• [Work instructions]
Print the listing exactly as it stands, and skip any pictures in it.

• [Dataset excerpt]
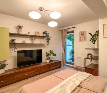 Offering a terrace, Apartmán Kolonádka Luhačovice offers accommodations in Luhačovice. This apartment provides an elevator and free Wifi. Outdoor seating is also available at the apartment. Providing a balcony with city views, this apartment also offers a satellite flat-screen TV, a well-equipped kitchen with a dishwasher, a microwave, and a fridge, as well as 1 bathroom with a shower and a hair dryer. This apartment is allergy-free and non-smoking. Guests can eat at the on-site romantic restaurant, which is open for dinner, lunch, brunch, and cocktails. Guests at Apartmán Kolonádka Luhačovice will be able to enjoy activities in and around Luhačovice, like cycling.
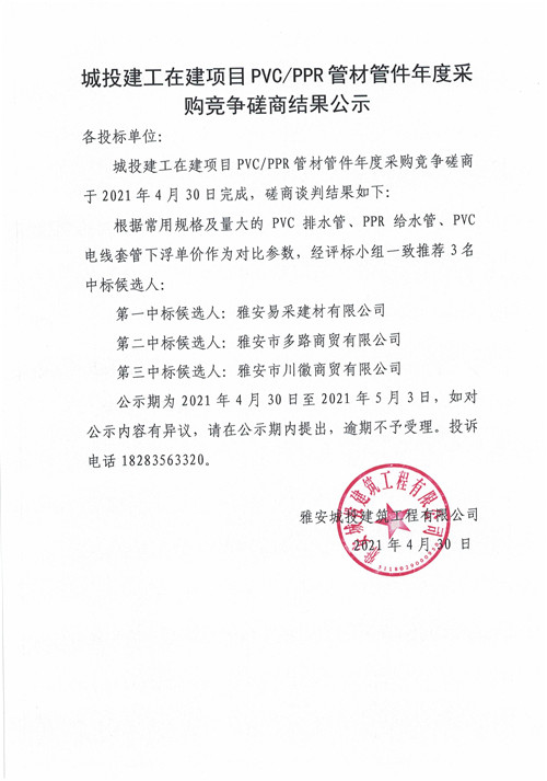 城投建工在建項目PVC/PPR管材年度采購磋商結果公示
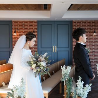 というテーマを担当のプランナーさんが決めてくれました。denimが好きな私たちにぴったりなテーマで当日会場の装飾にdenimを使用したり、自分たちで脱色し、その生地をメッセージカードの台紙にしたりテーブルナンバーとして生地に刺繍し皆さんのメニューにそれぞれつけたりしました。

• [Task output]
 Offering a terrace, Apartmán Kolonádka Luhačovice offers accommodations in Luhačovice. This apartment provides an elevator and free Wifi. Outdoor seating is also available at the apartment. Providing a balcony with city views, this apartment also offers a satellite flat-screen TV, a well-equipped kitchen with a dishwasher, a microwave, and a fridge, as well as 1 bathroom with a shower and a hair dryer. This apartment is allergy-free and non-smoking. Guests can eat at the on-site romantic restaurant, which is open for dinner, lunch, brunch, and cocktails. Guests at Apartmán Kolonádka Luhačovice will be able to enjoy activities in and around Luhačovice, like cycling.
 城投建工在建項目PVC/PPR管材年度采購磋商結果公示
 というテーマを担当のプランナーさんが決めてくれました。denimが好きな私たちにぴったりなテーマで当日会場の装飾にdenimを使用したり、自分たちで脱色し、その生地をメッセージカードの台紙にしたりテーブルナンバーとして生地に刺繍し皆さんのメニューにそれぞれつけたりしました。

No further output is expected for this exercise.